Celebrity GPS voices go for $5 to $12 through services like VoiceSkins (tagline: Navigation by the Stars) and Navtones. Users log on to their websites, download the files, and connect the GPS device to their computer for an automatic update. Most files are compatible only with TomTom devices, though David Hasselhoff also works with Garmin products. (Sorry Magellan users—or is it the other way around?)

At startup, the GPS unit prompts the user with a menu of all the navigator files on the device. All of the standard GPS commands ("turn left," "bear right," "recalculating," "you've arrived at your final destination") and most points-of-interest work as they would with the standard navigator, but with all the wit and, um, wisdom that a celebrity brings to the road...or something.

Several services also sell non-celebrity novelty navigators, including dozens of crappy celebrity impressions, cringe-worthy ethnic stereotypes, whorish-sounding women, surfer dudes, unscary monsters, and an old man in a robe who appears to be Zeus, Greek God of Thunder.

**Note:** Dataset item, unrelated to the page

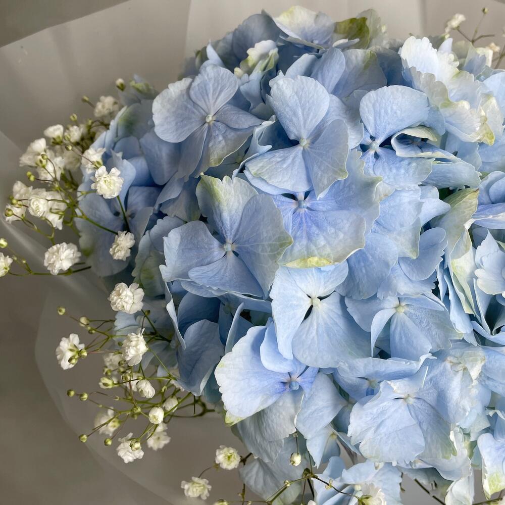 Гортензия верена блю – 1 шт.Гипсофила – 2 шт.Упаковка дизайнерская – 1 шт.

PIGTones in particular offers the cheesiest downloads, the kind of stuff that makes prank voicemail prompts sound edgy by comparison. The impressions of George W. Bush, Sean Connery, and Elvis rank among the worst in recorded history. Jamal The Ghetto Pimp, Habib The NYC Cabbie, and Wrong Juan Sombrero all share an "accent," though they supposedly represent three different ethnic stereotypes. Classy and well-executed.

Well, this clearly isn't the golden rope ladder that will save the standalone GPS industry from its spiral into the vortex of irrelevance—these voiceovers will sprout up on GPS-enabled smartphones in no time—but it's a clever (if completely corny) side-business with a captive audience.